SGCC stands for Hot-Dip Galvanized Steel. The “hot-dip” part matters. Unlike electro-galvanized steel (SECC), which has a thin zinc layer applied electrically, SGCC is dipped in molten zinc. This creates a thicker, more durable coating.
Coating Thickness
| Material | Zinc Thickness | Corrosion Resistance |
|---|---|---|
| SGCC (hot-dip) | 60–140 μm | Excellent |
| SECC (electro-galvanized) | 5–20 μm | Moderate |
| Cold-rolled steel | None | Poor |
SGCC’s thicker coating provides 20 to 30 years of outdoor corrosion protection in many environments. The zinc acts as a sacrificial layer, corroding before the steel underneath.
Mechanical Properties
| Property | Range |
|---|---|
| Tensile strength | 270–500 MPa |
| Yield strength | 200–350 MPa |
| Elongation | 20–35% |
SGCC balances strength and formability. It can be bent, drawn, and formed into complex shapes while maintaining structural integrity.
Surface Finish
The hot-dip process creates a smooth, consistent surface. The coating often contains small amounts of aluminum or silicon to improve adhesion and surface quality. This smooth surface reduces friction during stamping, minimizing tool wear.
How Is SGCC Manufactured?
The hot-dip galvanizing process is critical to SGCC’s performance. Each step affects the final coating quality.
Pre-Treatment
Before galvanizing, the steel is cleaned thoroughly:
- Degreasing: Removes oils and organic contaminants
- Pickling: Uses acid to remove rust and mill scale
- Rinsing: Removes residues that could affect coating adhesion
Any contamination left on the surface will prevent the zinc from bonding properly.
Fluxing
The cleaned steel is dipped in a flux solution, typically zinc ammonium chloride. Fluxing:
- Prevents oxidation before galvanizing
- Activates the steel surface for better zinc adhesion
- Ensures an even coating
Zinc Bath Immersion
The steel is submerged in molten zinc at 440°C to 460°C. The bath composition is typically 98% zinc with trace elements like aluminum.
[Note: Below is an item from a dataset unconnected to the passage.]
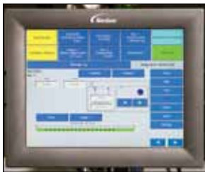
LogiComm® Pattern Control and Verification System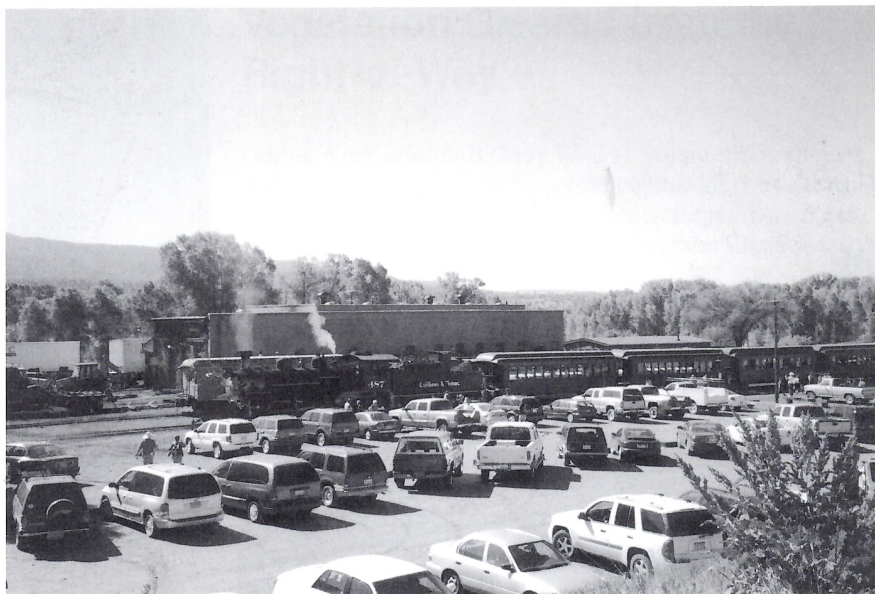
Volunteers placed salvaged bridge timbers and ties in the Chama depot parking lot creating diagonal parking and one-way traffic through the lot, May 2004.

The high temperature causes a reaction between the steel and zinc, forming a series of alloy layers that bond tightly to the base metal.
Coating Thickness Control
Coating thickness is controlled by:
- Immersion time: Longer time allows more zinc to deposit
- Withdrawal speed: Faster withdrawal creates thinner coatings
- Air knife settings: Air knives blow off excess zinc to control thickness
Post-Treatment
After galvanizing, the steel may be:
- Quenched: Rapid cooling improves coating hardness
- Passivated: A chromate or non-chromate coating enhances corrosion resistance
- Oiled: A light oil film prevents white rust during storage
How Do You Stamp SGCC Successfully?
Stamping SGCC requires techniques that preserve the zinc coating while achieving the desired shape.
Die Design
Dies must be designed with the zinc coating in mind:
- Rounded edges: Reduce stress concentration on the coating
- Proper clearances: 10–15% of material thickness for blanking and piercing
- Polished surfaces: Ra ≤ 0.8 μm to reduce friction
Sharp corners and tight clearances can crack or flake the zinc coating.
Stamping Techniques
| Operation | Considerations |
|---|---|
| Blanking | Use sharp dies; proper clearance prevents burrs and coating damage |
| Piercing | Maintain clearance; deburr to remove zinc particles |
| Bending | Use moderate speeds; minimum radius 1.5–2× thickness |
| Deep drawing | Draw ratios up to 1.5:1; use proper lubricants |
| Progressive stamping | Spread forming across stations; avoid concentrating stress |
Press Machines
Both hydraulic and mechanical presses work for SGCC:
- Hydraulic presses: Better for complex shapes and variable force control
- Mechanical presses: Faster for high-volume, simpler parts
Variable speed control is important. Slower speeds during contact reduce stress on the coating.
Tooling Materials
SGCC’s zinc coating is abrasive. Use:
- Hardened tool steel (D2, A2) for moderate volumes
- Carbide tooling for high-volume production
- Coated tools (TiN, AlTiN) to reduce friction and wear
Lubrication
Use lubricants formulated for galvanized steel:
- Water-soluble coolants: Good for lighter operations
- Synthetic EP lubricants: Better for deep drawing and heavy forming
- Avoid chlorinated oils: These can react with zinc
What Quality Controls Are Essential?
Coating Inspection
Verify coating quality before stamping:
- Thickness measurement: Use magnetic gauges; reject material below spec
- Adhesion test: Bend test (180° around a mandrel) checks coating bond
- Visual inspection: Look for bare spots, blisters, or uneven coating
In-Process Monitoring
During stamping, monitor:
- Punch force: Increases indicate dull tools
- Strip alignment: Drift indicates feed or die issues
- Coating condition: Check for flaking or cracking at bends
Post-Stamping Inspection
Inspect finished parts for:
- Coating integrity: No cracks, flakes, or bare steel
- Dimensional accuracy: CMM inspection for critical features
- Surface defects: Scratches, galling, or zinc buildup
Corrosion Testing
For parts that will face harsh environments, conduct salt spray testing per ASTM B117. SGCC typically resists white rust for 48 to 120 hours, depending on coating thickness and passivation.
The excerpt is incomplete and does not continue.